Our open-source registry currently tracks over 1.7 million collected SKILL.md configurations and system prompts. By compiling agent configurations from active developers on GitHub, we bridge the gap between prompt engineering research and production execution. Whether you are building agents with Anthropic's Claude Code, OpenAI's GPT-4, Google's Gemini, or local models using Ollama and LlamaIndex, standardized skill definitions ensure your agents behave predictably across different runtime environments.

What is the Model Context Protocol (MCP)?

The Model Context Protocol (MCP) is an open-source standard designed to connect LLMs to data sources, developer tools, and external environments.
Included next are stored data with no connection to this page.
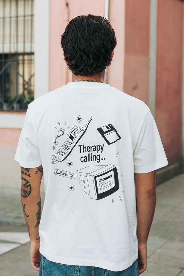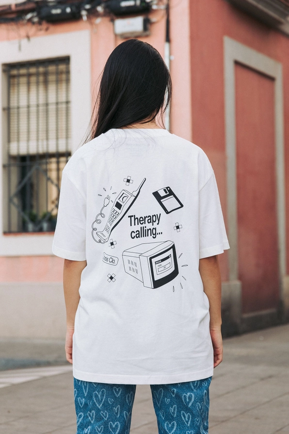 • T-shirt branca com estampa preta de aparelhos eletrónicos e texto 'Therapy calling...'. Pessoa de costas na rua com calças azuis de corações.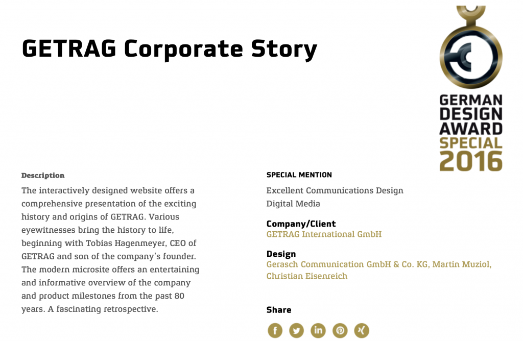 One of the first interdisciplinary and international projects within this network, and the basis for a new global branding approach, was to go back in history to the essence of GETRAG and why it all began. The result was an interactive multi-channel storytelling, online and offline, which later won the German Design Award 2016.
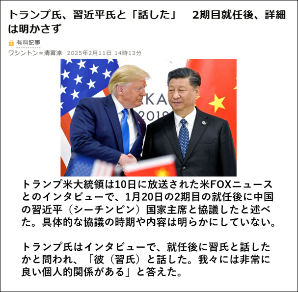 <2025年2月11日 朝日新聞 彼らは何を話したのだろうか?>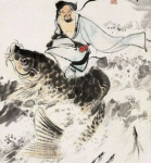 王子乔(约前567—前549年),姬姓,名晋,字子乔,是东周灵王(姬泄心)的太子,幼时天资聪颖,温良博学,不慕富贵,喜爱静坐吹笙,乐声优美如凤凰鸣唱;15岁行冠礼后,以太子身份辅政。晋平公派当时名流师旷前往朝见,问他以君子之德、治国之道,他旁征博引、侃侃而谈,师旷钦佩不已。周灵王二十一年(前551),谷、洛二水泛滥,王宫也受到洪水的威胁,就在这个时候,太子晋与周灵王在治水策略上发生分歧。周灵王准备沿用壅堵的方法,太子晋反对道:“不可,曾听自古为民之长者,不堕高山,不填湖泽,不泄水源,天地自然有其生生制约之道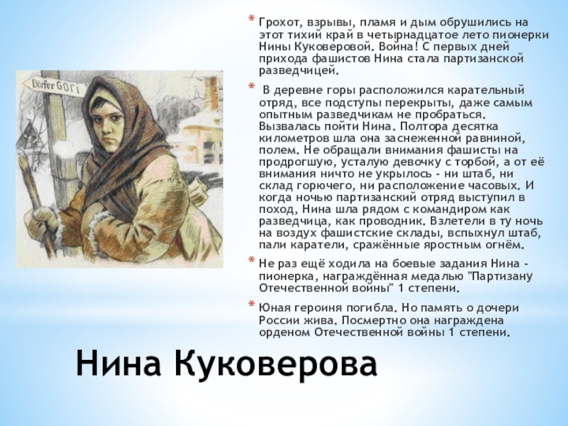 В деревне горы расположился карательный отряд, все подступы перекрыты, даже самым опытным разведчикам не пробраться. Вызвалась пойти Нина. Полтора десятка километров шла она заснеженной равниной, полем. Не обращали внимания фашисты на продрогшую, усталую девочку с торбой, а от её внимания ничто не укрылось - ни штаб, ни склад горючего, ни расположение часовых. И когда ночью партизанский отряд выступил в поход, Нина шла рядом с командиром как разведчица, как проводник. Взлетели в ту ночь на воздух фашистские склады, вспыхнул штаб, пали каратели, сражённые яростным огнём.

MCP establishes a bidirectional communication channel between client applications (like Cursor, Claude Desktop, or custom agent systems) and servers hosting data or capabilities. Standardizing instructions via SKILL.md enables LLMs to query databases, read local files, execute terminal commands, and integrate third-party APIs. SkillMD allows you to find ready-to-run MCP servers and prompt instructions for various occupations and technical tasks.

The Structure of a Professional SKILL.md File

A valid SKILL.md configuration is designed to be easily read by humans and parsed by LLMs. It contains precise system instructions, trigger conditions, required parameters, and execution examples. Below is the typical architectural blueprint of a professional agent skill:

  • Metadata & Core Scope: Declares the name of the skill, author details, target models, and a description of the capability.
  • Triggers & Intent Detection: Details semantic triggers that help the agent decide when to invoke this skill.
  • System Prompts: Explicit system-level instructions that direct the agent's behavior, personality, safety guardrails, and formatting preferences.
  • Capabilities & Tools: Lists the files, databases, or APIs the agent must access to complete the tasks.
  • Few-Shot Examples: Demonstrates real inputs and outputs, helping the model generalize behavior through in-context learning.

Optimizing Agent Workflows for Modern LLMs

Writing effective agent skills requires deep knowledge of prompt engineering. With the release of advanced reasoning models like Claude 3.5 Sonnet, ChatGPT o1, and DeepSeek-V3, prompt templates must focus on structured thinking. Developers are encouraged to use XML tags (e.g., <thought>, <context>, and <rules>) to isolate execution boundaries. Standardized prompts prevent agents from suffering from context drift, ensuring that long-running tasks remain aligned with the initial system parameters.

Exploring by SOC Occupations and Creator Profiles

What makes SkillMD unique is its taxonomy. Instead of simple text search, we parse and organize files according to the Standard Occupational Classification (SOC) system. This means you can discover skills written for Computer and Mathematical roles, Business and Financial operations, Legal, Design, and and Educational Instruction fields. By tracking creator profiles, developers can study how different teams organize their custom instructions, compare version updates, and fork public configs for specialized enterprise use cases.

SkillMD operates as a high-performance index running on a fast Go backend and a highly responsive Astro SSR frontend. All search queries execute in milliseconds, featuring smart debouncing to prevent multiple API requests while keeping user data secure. Join our community of developers to standardize your AI agent instructions and optimize your LLM prompting workflows today.

8 QUESTIONS

Frequently Asked Questions

A practical guide to agent skills: what they are, how to inspect them, and how SkillMD helps you explore the ecosystem.